Fight Club and Project Mayhem
In a great comparison to the movie Fight Club, Lance Speck in First Rule of Integration: Do Not Talk About Integration, says that trying to charge ahead while bypassing the foundational work to make technologies talk results in total chaos:
With the explosion of data and technology, and the rise of various IT infrastructures with millions of endpoint application systems, formats and databases, maintaining connectivity can be hell. Most endpoints are now incompatible with each other as developers continue to build on top of them, transforming them into unique applications – puzzle pieces that no longer fit together seamlessly. IT has to weave these systems together, but frankly, it’s struggling. That’s why you need integration, which at a basic level is a set of program systems designed to connect your disparate sources for a coherent view of your business and your customers.
His dire words are more accurate than anyone seems willing to talk about. Get most CIO’s alone for a few minutes and they’ll admit this, but they’ll also say in a world of declining technology budgets, they’re doing what they can and facing an impossible customer. But are they really?
A success story
While some companies fight for budget and point fingers at evil SaaS usage, others are taking steps to solve the bigger problem. One of my favorite examples is Mercy Health in St. Louis, Missouri. In a healthcare network operating at a 1 to 2% margin, they took the time and spent the money to proactively join up their systems, knowing that Big Data, analytics, and healthcare overhaul were the new reality.
A byproduct of their work was Mercy SafeWatch, an integration and business events solution they actively market in the expanding role of telehealth. SafeWatch, among other monitoring, helps solve one of the most pernicious of challenges…systemic infections (sepsis) that occur within the hospital and have a high mortality rate. They integrated and as a result, saved lives.
It doesn’t get better than that but it took organizational ‘guts’ to make the investment and stick it out. There need to be more gutsy decisions like Mercy’s before integration is seen as sexy by more than just technology people.
If you’re in the Paris area tomorrow or London on Thursday, join me at TIBCO Transform 2013 Conference. I’ll be happy to talk about this and other challenges facing business.
Great points.
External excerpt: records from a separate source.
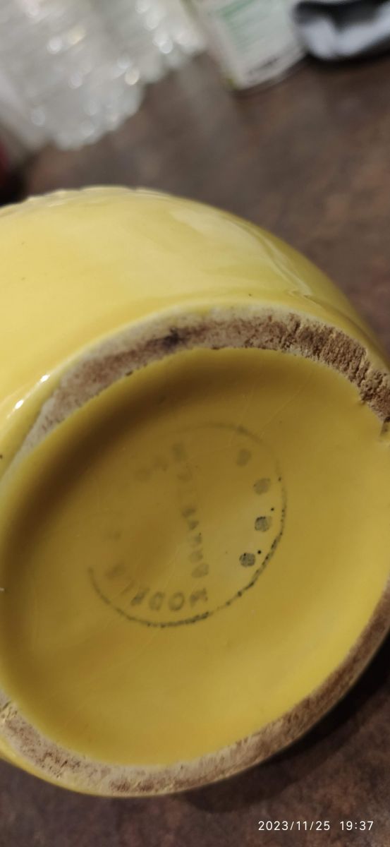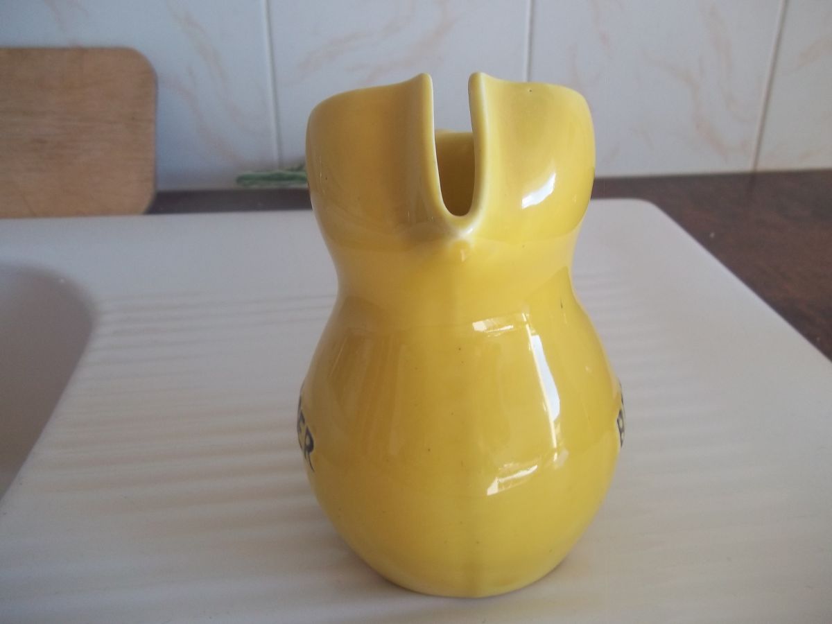 Modèle jaune bombé avec écriture en noir.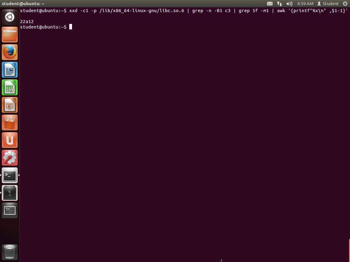 We could go through this long output, but that is not a great solution. You cannot search for a sequence of bytes; at least at the time of writing this lab, there was no easy way to do this. So, using the workaround from the crypto team at Stanford, enter xxd -c1 -p /lib/x86_64-linux-gnu/libc.so.6 | grep -n -B1 c3 | grep 5f -m1 | awk '{printf"%x\n",$1-1}'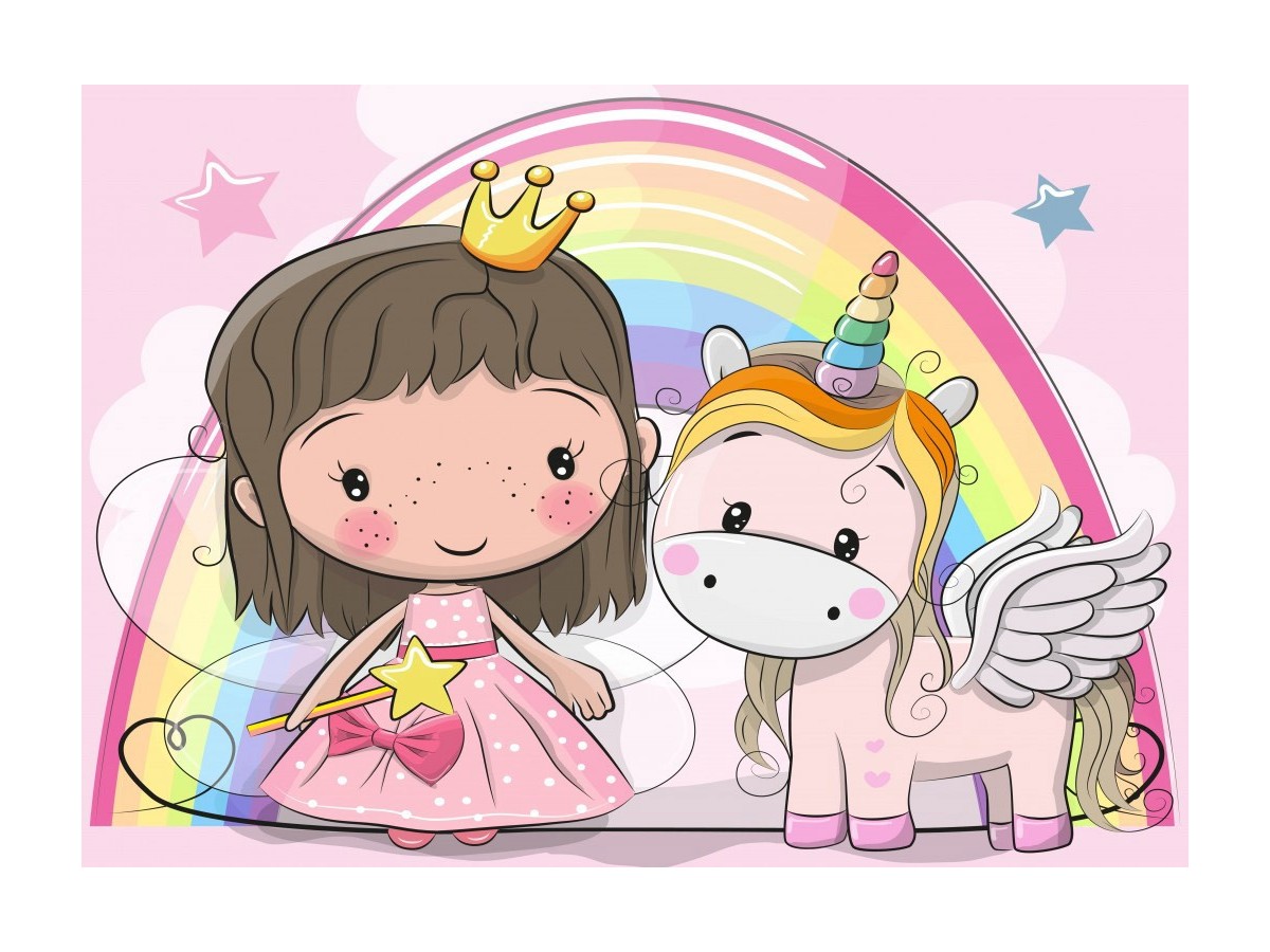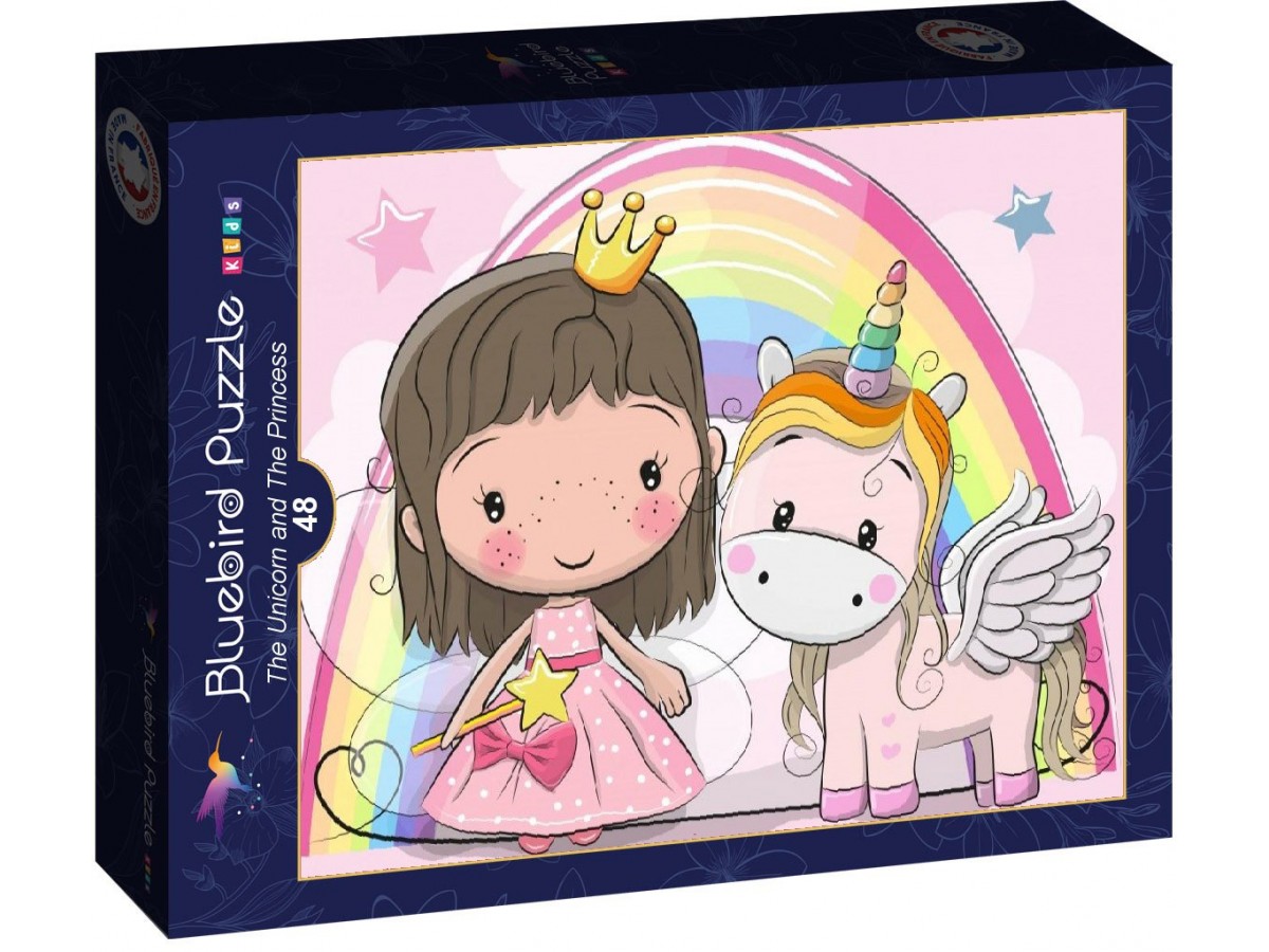 Ilustrația digitală a puzzle-ului Bluebird Puzzle cu 48 piese „The Unicorn and The Princess” te poartă într-o lume fermecată de basm, unde o prințesă tânără și un unicorn alb cu aripi se întâlnesc într-o scenă plină de magie și culoare. Prințesa, îmbrăcată într-o rochie roz și purtând o coroană aurie, ține în mână o baghetă magică, iar alături de ea stă unicornul cu coama curgătoare în nuanțe de curcubeu și un corn colorat. Fundalul este dominat de un curcubeu mare și nori pufoși, creând o atmosferă de visare și poveste.

Unfortunately, the question isn’t whether you’re sexy, but why isn’t integration considered sexy and exciting? The problem here is that what was sexy a few years ago (EAI, SOA) has become passe today, even though the problem continues to evolve exponentially as Cloud apps and the Internet of Things explodes. Perhaps you need to launch a contest for the sexiest new term to hang on integration?
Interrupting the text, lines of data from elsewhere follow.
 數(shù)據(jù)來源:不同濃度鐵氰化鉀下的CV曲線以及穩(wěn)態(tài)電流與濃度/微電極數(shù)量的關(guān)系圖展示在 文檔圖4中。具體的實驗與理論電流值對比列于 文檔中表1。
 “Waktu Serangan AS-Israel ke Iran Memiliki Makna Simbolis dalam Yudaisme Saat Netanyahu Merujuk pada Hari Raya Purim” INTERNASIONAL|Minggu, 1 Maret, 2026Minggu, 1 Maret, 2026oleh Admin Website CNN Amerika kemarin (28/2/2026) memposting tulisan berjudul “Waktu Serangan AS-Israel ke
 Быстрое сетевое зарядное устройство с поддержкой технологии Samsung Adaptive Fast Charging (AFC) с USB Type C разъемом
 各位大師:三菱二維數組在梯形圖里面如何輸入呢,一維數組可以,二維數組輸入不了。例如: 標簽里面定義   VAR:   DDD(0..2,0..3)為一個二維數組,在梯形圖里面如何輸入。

Excellent idea…I just need a fabulous prizes. The word is unsexy, but the concepts are critical to how business functions.
The need for applications to talk to each other will obviously persist and, in fact, increase. Integration risk has killed many projects. The challenge of ‘welding’ two applications together has never been easy initially or over the long run.
EAI & SOA do simplify integration. It seems the untapped approach is to interface. Existing/native forms of user interface exist in every system. Business applications have to be smart, and agnostic, enough to seamlessly ‘talk’ to other systems.
Integration can’t be ignored. It will get its time in the sun again; eventually. The industry just has a new shiny coin that has caught the attention of the analysts and media. Perhaps it has faded because it is easier to achieve. Hopefully the effort required is less difficult but it’s importance won’t diminish.
Thanks for referencing the Fight Club post, Chris. The integration discussion is definitely one that more businesses need to have, especially if they want to take advantage of big data and predictive analytics technologies.
Very welcome. It was a an excellent analogy.